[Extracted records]
· · ·

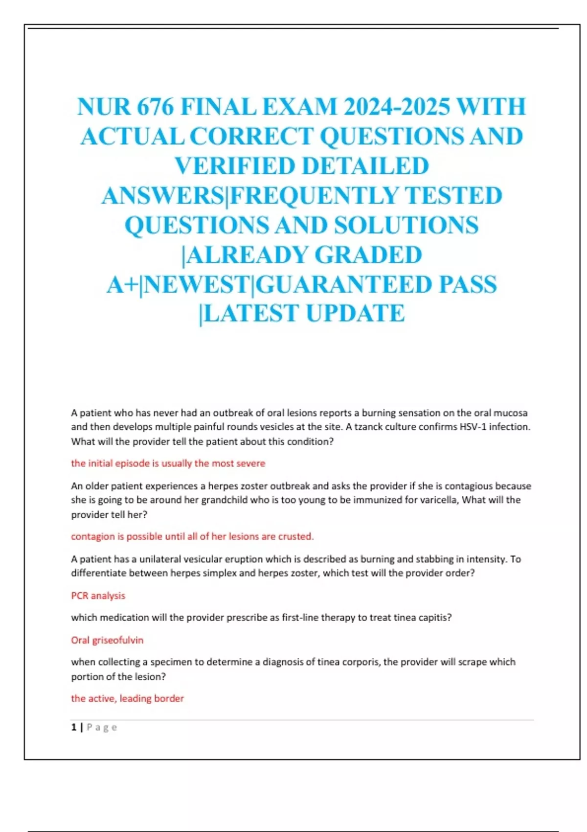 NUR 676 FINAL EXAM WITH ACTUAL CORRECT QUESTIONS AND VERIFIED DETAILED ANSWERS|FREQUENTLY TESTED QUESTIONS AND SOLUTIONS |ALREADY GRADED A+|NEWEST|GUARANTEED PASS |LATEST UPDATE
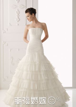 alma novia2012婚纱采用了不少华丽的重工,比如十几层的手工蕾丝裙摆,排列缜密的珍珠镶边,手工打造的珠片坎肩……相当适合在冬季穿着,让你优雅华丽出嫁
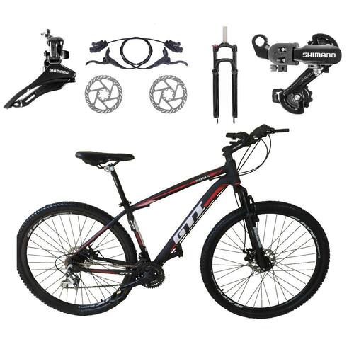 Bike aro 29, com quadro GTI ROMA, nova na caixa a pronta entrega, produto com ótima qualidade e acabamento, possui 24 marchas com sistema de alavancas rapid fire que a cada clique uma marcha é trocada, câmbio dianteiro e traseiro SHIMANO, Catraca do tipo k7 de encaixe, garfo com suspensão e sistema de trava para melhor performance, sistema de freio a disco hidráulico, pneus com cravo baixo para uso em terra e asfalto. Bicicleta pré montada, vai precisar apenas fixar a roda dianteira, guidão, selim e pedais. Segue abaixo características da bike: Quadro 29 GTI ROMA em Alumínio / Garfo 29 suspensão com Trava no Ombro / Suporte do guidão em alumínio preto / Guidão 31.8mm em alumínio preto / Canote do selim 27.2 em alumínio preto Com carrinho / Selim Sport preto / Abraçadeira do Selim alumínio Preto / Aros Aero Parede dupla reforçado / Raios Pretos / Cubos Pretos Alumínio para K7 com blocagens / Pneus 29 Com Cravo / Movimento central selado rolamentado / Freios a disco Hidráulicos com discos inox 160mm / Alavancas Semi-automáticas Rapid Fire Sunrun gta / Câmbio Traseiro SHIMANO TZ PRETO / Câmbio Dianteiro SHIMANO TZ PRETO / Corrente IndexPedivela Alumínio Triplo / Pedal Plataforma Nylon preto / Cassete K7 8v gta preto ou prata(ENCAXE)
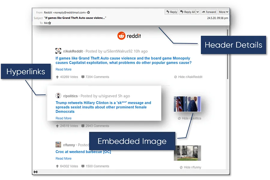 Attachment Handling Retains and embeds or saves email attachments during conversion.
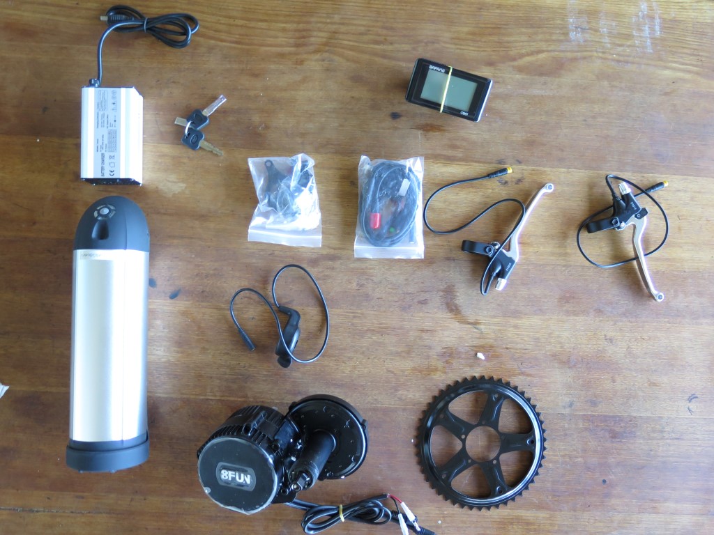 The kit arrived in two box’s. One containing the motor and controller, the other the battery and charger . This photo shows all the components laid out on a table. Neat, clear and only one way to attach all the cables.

· · ·

What is being asked: A verbatim copy of the entries, without the pictures, is what this task requires.

Response to this task:
 NUR 676 FINAL EXAM WITH ACTUAL CORRECT QUESTIONS AND VERIFIED DETAILED ANSWERS|FREQUENTLY TESTED QUESTIONS AND SOLUTIONS |ALREADY GRADED A+|NEWEST|GUARANTEED PASS |LATEST UPDATE
 alma novia2012婚纱采用了不少华丽的重工,比如十几层的手工蕾丝裙摆,排列缜密的珍珠镶边,手工打造的珠片坎肩……相当适合在冬季穿着,让你优雅华丽出嫁
 Bike aro 29, com quadro GTI ROMA, nova na caixa a pronta entrega, produto com ótima qualidade e acabamento, possui 24 marchas com sistema de alavancas rapid fire que a cada clique uma marcha é trocada, câmbio dianteiro e traseiro SHIMANO, Catraca do tipo k7 de encaixe, garfo com suspensão e sistema de trava para melhor performance, sistema de freio a disco hidráulico, pneus com cravo baixo para uso em terra e asfalto. Bicicleta pré montada, vai precisar apenas fixar a roda dianteira, guidão, selim e pedais. Segue abaixo características da bike: Quadro 29 GTI ROMA em Alumínio / Garfo 29 suspensão com Trava no Ombro / Suporte do guidão em alumínio preto / Guidão 31.8mm em alumínio preto / Canote do selim 27.2 em alumínio preto Com carrinho / Selim Sport preto / Abraçadeira do Selim alumínio Preto / Aros Aero Parede dupla reforçado / Raios Pretos / Cubos Pretos Alumínio para K7 com blocagens / Pneus 29 Com Cravo / Movimento central selado rolamentado / Freios a disco Hidráulicos com discos inox 160mm / Alavancas Semi-automáticas Rapid Fire Sunrun gta / Câmbio Traseiro SHIMANO TZ PRETO / Câmbio Dianteiro SHIMANO TZ PRETO / Corrente IndexPedivela Alumínio Triplo / Pedal Plataforma Nylon preto / Cassete K7 8v gta preto ou prata(ENCAXE)
 Attachment Handling Retains and embeds or saves email attachments during conversion.
 The kit arrived in two box’s. One containing the motor and controller, the other the battery and charger . This photo shows all the components laid out on a table. Neat, clear and only one way to attach all the cables.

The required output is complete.